TO DO — Return verbatim the lines that run from the one holding "Monsieur Jean KREBS." to the end of the listing, both ends included, without the pictures.

DATA PROVIDED —
=== Begin Enclosure ===

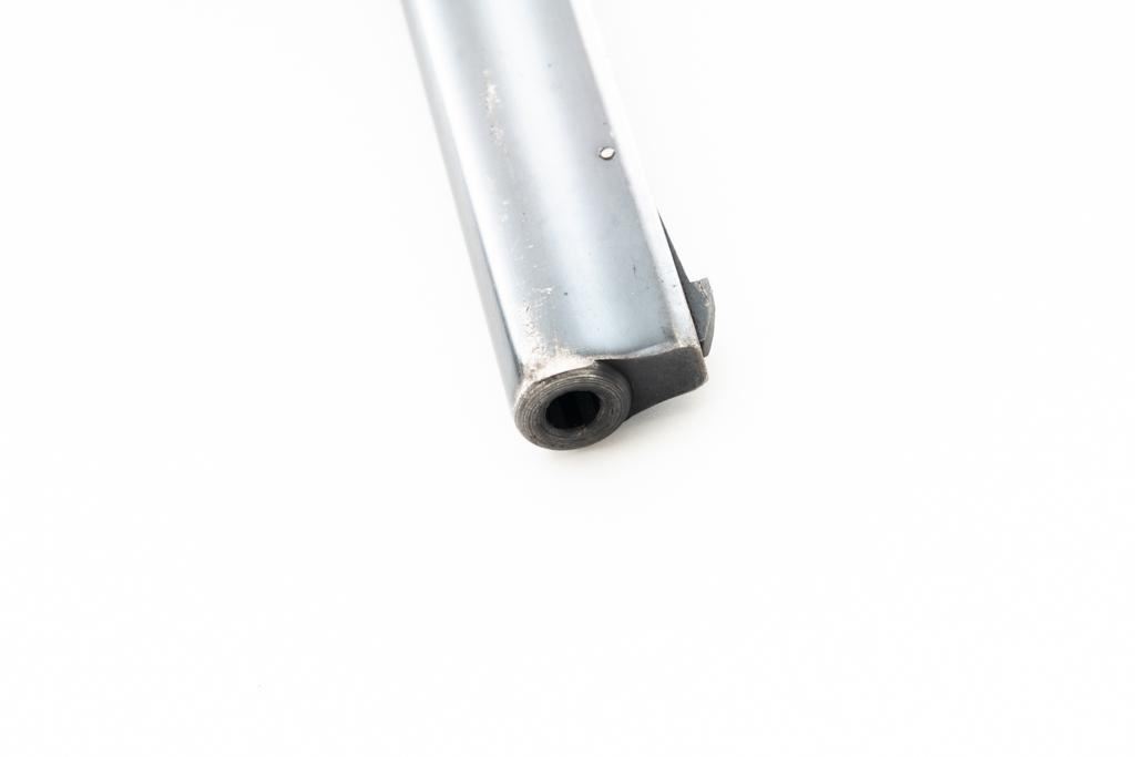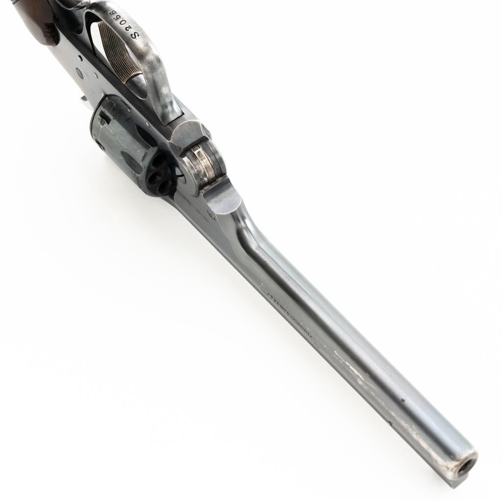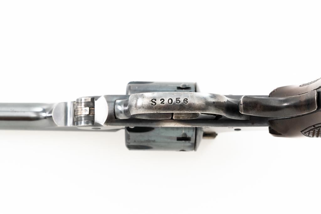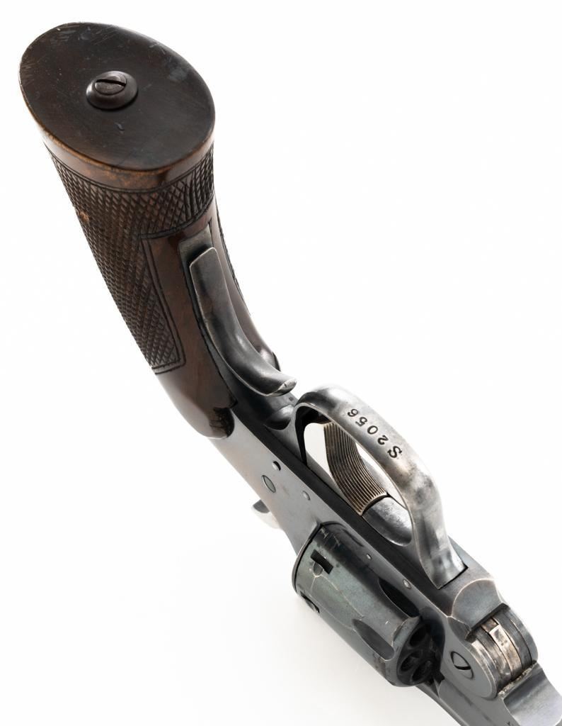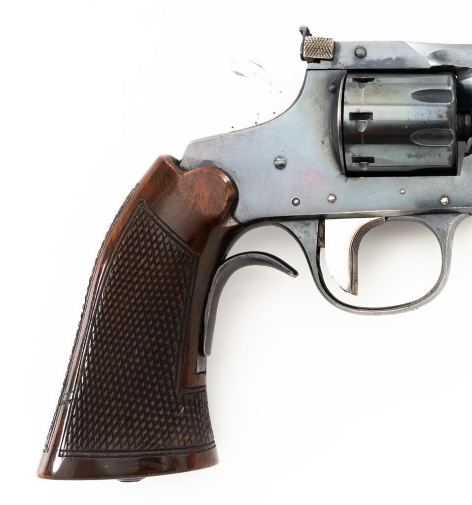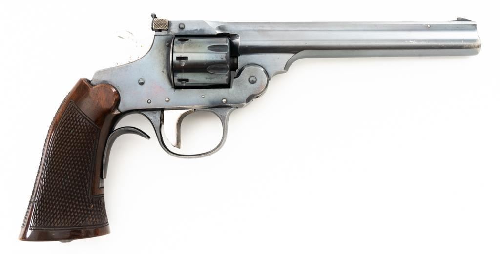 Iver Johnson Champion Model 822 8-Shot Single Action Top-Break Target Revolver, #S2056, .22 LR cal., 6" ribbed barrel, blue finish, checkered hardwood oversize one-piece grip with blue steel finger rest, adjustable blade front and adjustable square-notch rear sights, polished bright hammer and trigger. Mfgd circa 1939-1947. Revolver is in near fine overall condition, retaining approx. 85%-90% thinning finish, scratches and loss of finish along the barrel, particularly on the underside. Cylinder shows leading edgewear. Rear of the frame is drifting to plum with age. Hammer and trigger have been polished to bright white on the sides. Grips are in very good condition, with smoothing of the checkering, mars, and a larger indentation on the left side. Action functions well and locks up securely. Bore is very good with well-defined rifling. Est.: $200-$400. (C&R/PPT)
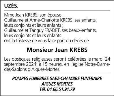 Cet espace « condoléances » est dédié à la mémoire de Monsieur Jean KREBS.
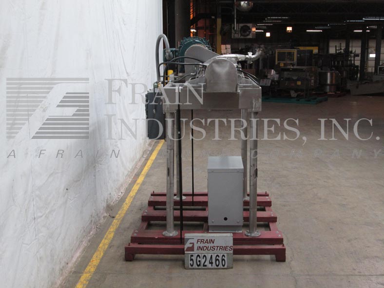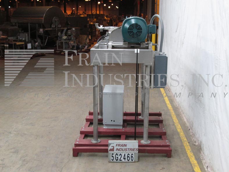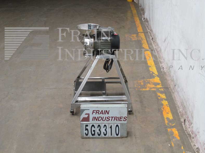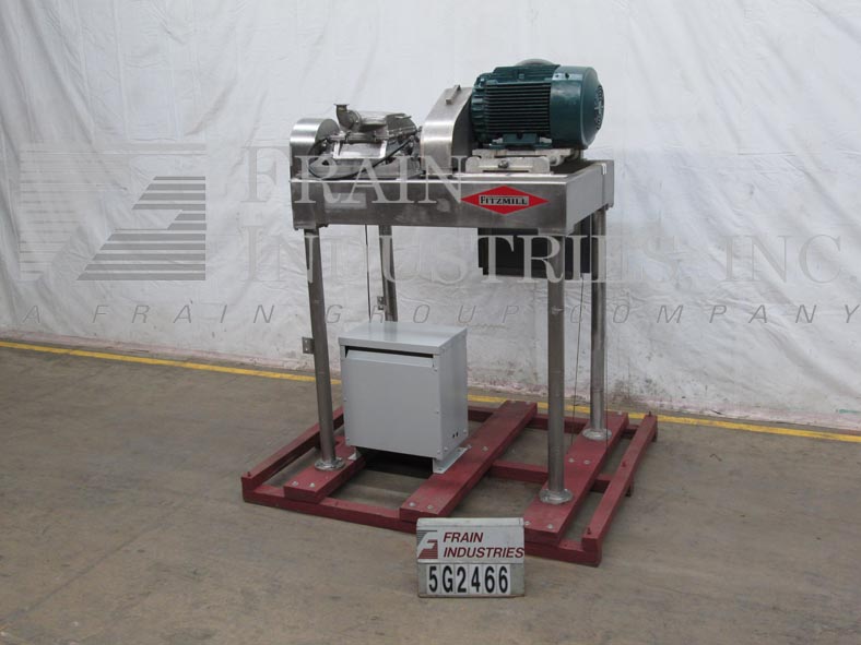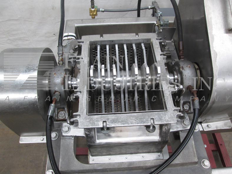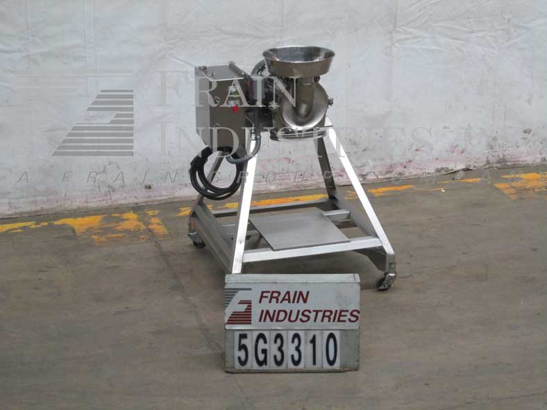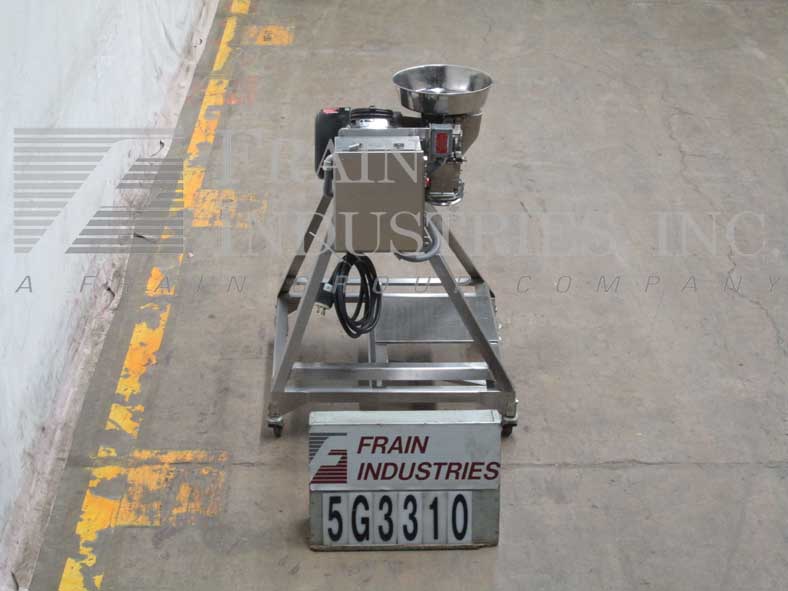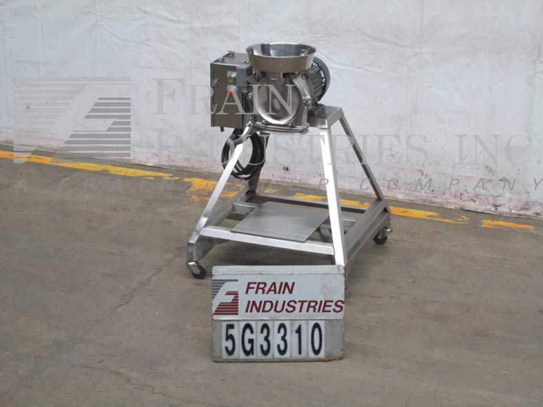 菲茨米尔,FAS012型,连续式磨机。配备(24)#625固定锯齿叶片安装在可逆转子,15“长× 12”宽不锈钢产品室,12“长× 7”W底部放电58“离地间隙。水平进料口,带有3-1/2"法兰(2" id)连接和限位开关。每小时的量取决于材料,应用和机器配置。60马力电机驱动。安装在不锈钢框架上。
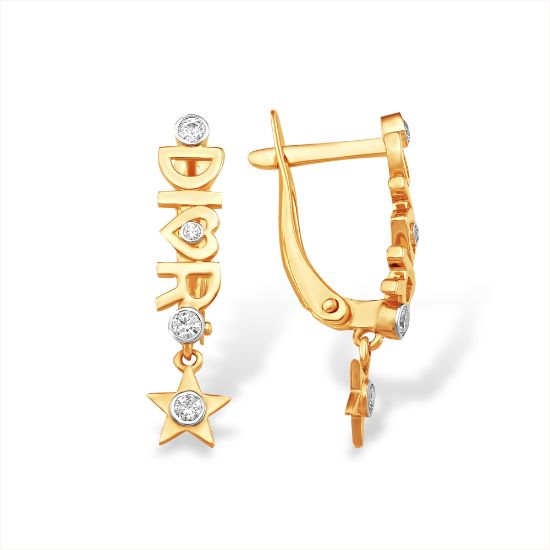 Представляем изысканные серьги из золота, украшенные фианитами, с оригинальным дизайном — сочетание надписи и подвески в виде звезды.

=== End Enclosure ===

YOUR SOLUTION —
 Cet espace « condoléances » est dédié à la mémoire de Monsieur Jean KREBS.
 菲茨米尔,FAS012型,连续式磨机。配备(24)#625固定锯齿叶片安装在可逆转子,15“长× 12”宽不锈钢产品室,12“长× 7”W底部放电58“离地间隙。水平进料口,带有3-1/2"法兰(2" id)连接和限位开关。每小时的量取决于材料,应用和机器配置。60马力电机驱动。安装在不锈钢框架上。
 Представляем изысканные серьги из золота, украшенные фианитами, с оригинальным дизайном — сочетание надписи и подвески в виде звезды.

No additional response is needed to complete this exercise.